GradCAM (Gradient-weighted Class Activation Mapping) is used for visualizing the gradients of a model that make it into the final convolutional layer of a Neural Network. This produces a coarse map that highlights the most important regions in the image, meaning the areas with the largest logits values. For the updated model, the SmoothGradCAM++ method was selected from the TorchCAM implementation for Pytorch. 

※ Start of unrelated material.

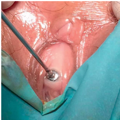
Abb. 4 Nachweis einer Harnröhrenstriktur durch Harnröhrenkalibrierung (V.a. Lichen sklerosus).

As it turned out, the updated model has a keen eye. It always looks at the focal point of the picture – the seed. It doesn’t focus on irrelevant areas of the image or develop a wandering eye. I suppose one could say Computer Vision syndrome doesn’t apply to our Computer Vision model. 

In the images below you can see examples of the activations. The rightmost image is the original. The leftmost image shows a heatmap of the activations with the middle image presenting an overlay mask of the heatmap on top of the original image. 

heatmap of activations indicating where the CNN model is looking

GradCAM and its variations can be a useful tool in the analysis of models with convolutions. Not only for analyzing single models’ behavior but also for model comparisons and debugging. Although GradCAM gives us interesting insights into our models, it should be noted that it is a heuristic tool for looking into the model predictions and should be taken with a grain of salt.

Lessons learned using CNN for image classification

  1. Armed with only a small dataset, no matter if it’s imperfect with low resolution and blurred photos, you can still apply machine learning methods to make the most of your project. 
  2. Highly blurred images in the dataset significantly degraded the model training and its predictions lowered accuracy to ~68%. As one might expect, fewer details mean less information for the model.
  3. Sharpening the pictures also worsened the predictions, but to a lesser extent with an accuracy level of ~71%.
  4. GradCAM is an interesting visualization tool when working with a CNN for image classification. It can be used to reveal the inner workings of models and provide valuable insight.